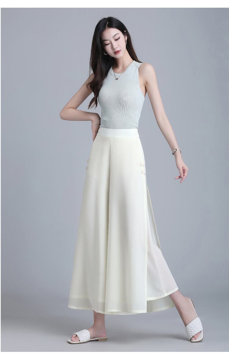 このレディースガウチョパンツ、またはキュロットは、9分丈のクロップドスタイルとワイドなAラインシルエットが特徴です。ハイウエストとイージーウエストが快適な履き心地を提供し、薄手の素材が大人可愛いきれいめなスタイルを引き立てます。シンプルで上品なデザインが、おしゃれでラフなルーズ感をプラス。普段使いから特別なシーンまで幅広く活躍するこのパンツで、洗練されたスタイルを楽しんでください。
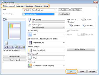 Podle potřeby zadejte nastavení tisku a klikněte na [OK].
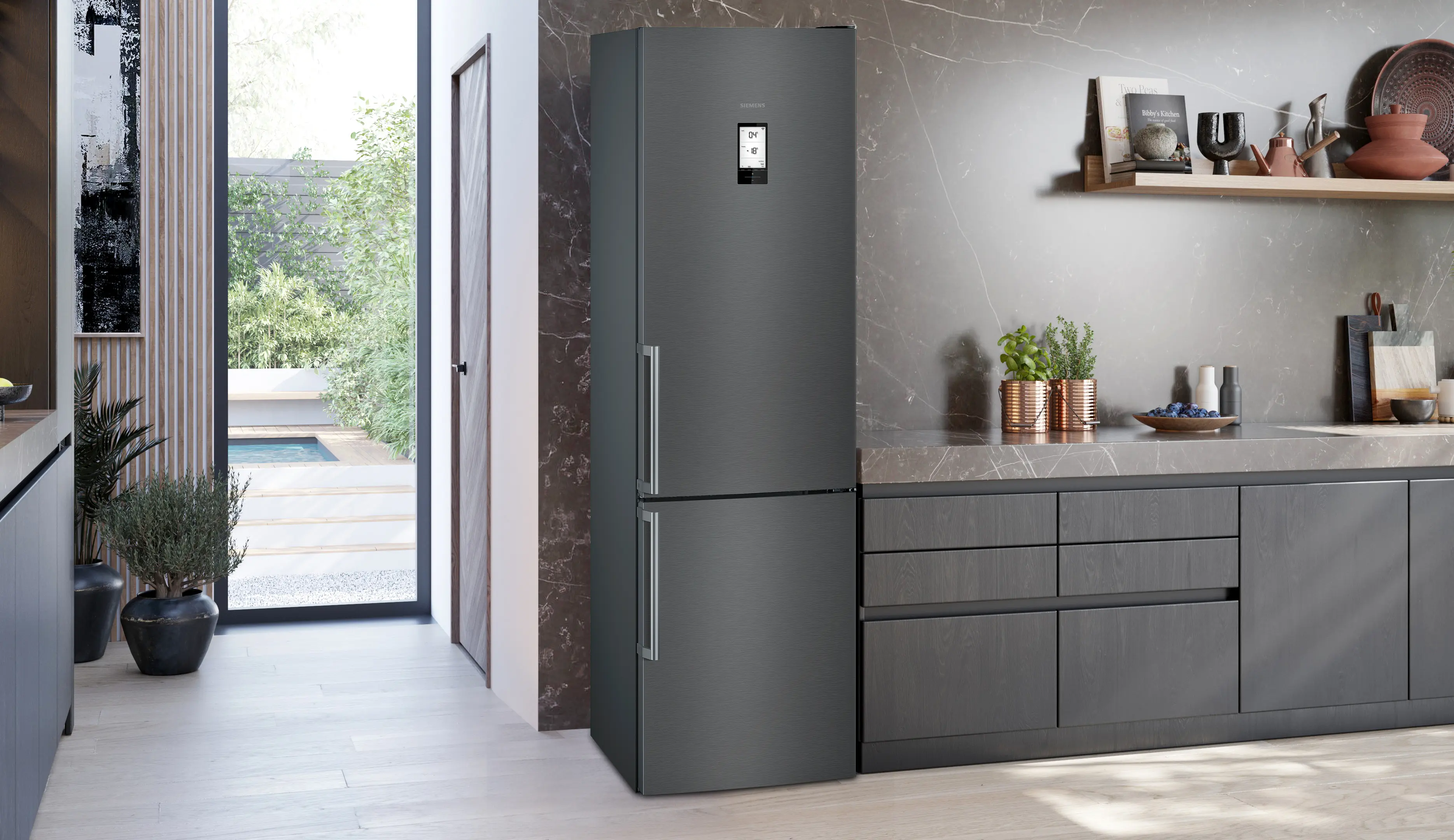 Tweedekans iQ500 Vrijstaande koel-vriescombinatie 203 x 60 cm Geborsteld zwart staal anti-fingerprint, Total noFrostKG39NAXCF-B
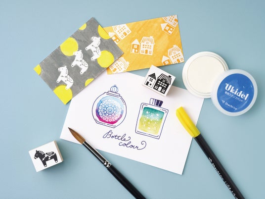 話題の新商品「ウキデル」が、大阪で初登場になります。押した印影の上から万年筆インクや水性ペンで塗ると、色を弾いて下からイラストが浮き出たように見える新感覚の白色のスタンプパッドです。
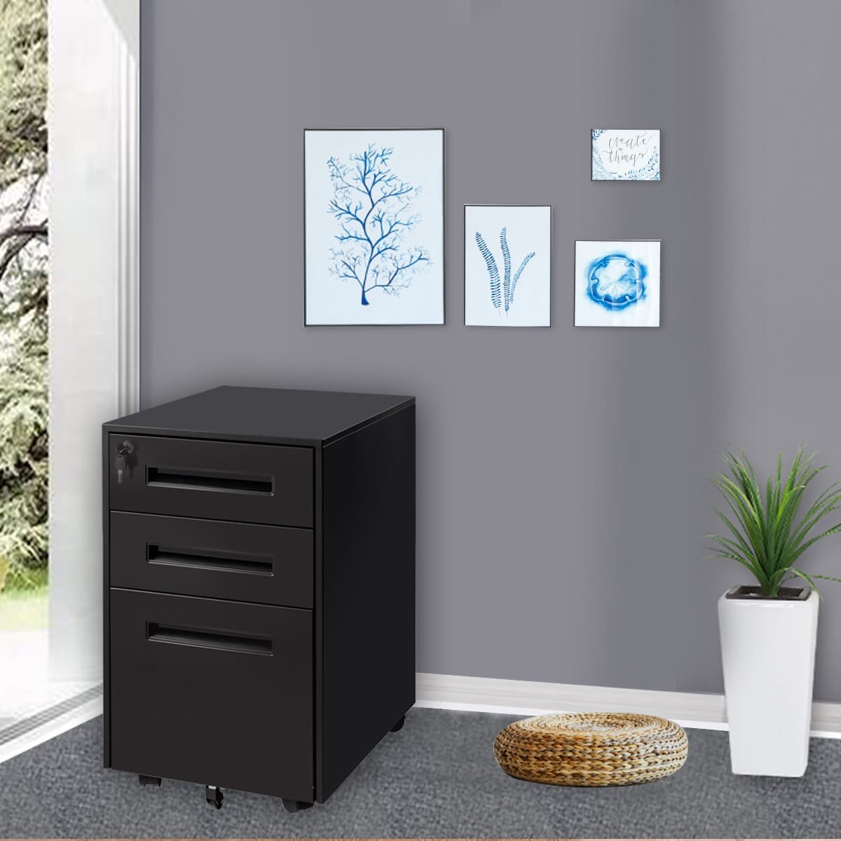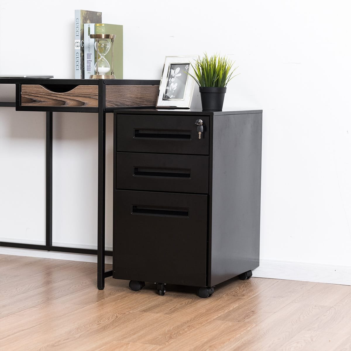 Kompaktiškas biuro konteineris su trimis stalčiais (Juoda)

▬▬▬▬▬▬

• Aim of the task: Leave the pictures out, and retype exactly the lines from the one containing "Podle potřeby zadejte" through the last line of the entries above, both included.

• Expected answer:
 Podle potřeby zadejte nastavení tisku a klikněte na [OK].
 Tweedekans iQ500 Vrijstaande koel-vriescombinatie 203 x 60 cm Geborsteld zwart staal anti-fingerprint, Total noFrostKG39NAXCF-B
 話題の新商品「ウキデル」が、大阪で初登場になります。押した印影の上から万年筆インクや水性ペンで塗ると、色を弾いて下からイラストが浮き出たように見える新感覚の白色のスタンプパッドです。
 Kompaktiškas biuro konteineris su trimis stalčiais (Juoda)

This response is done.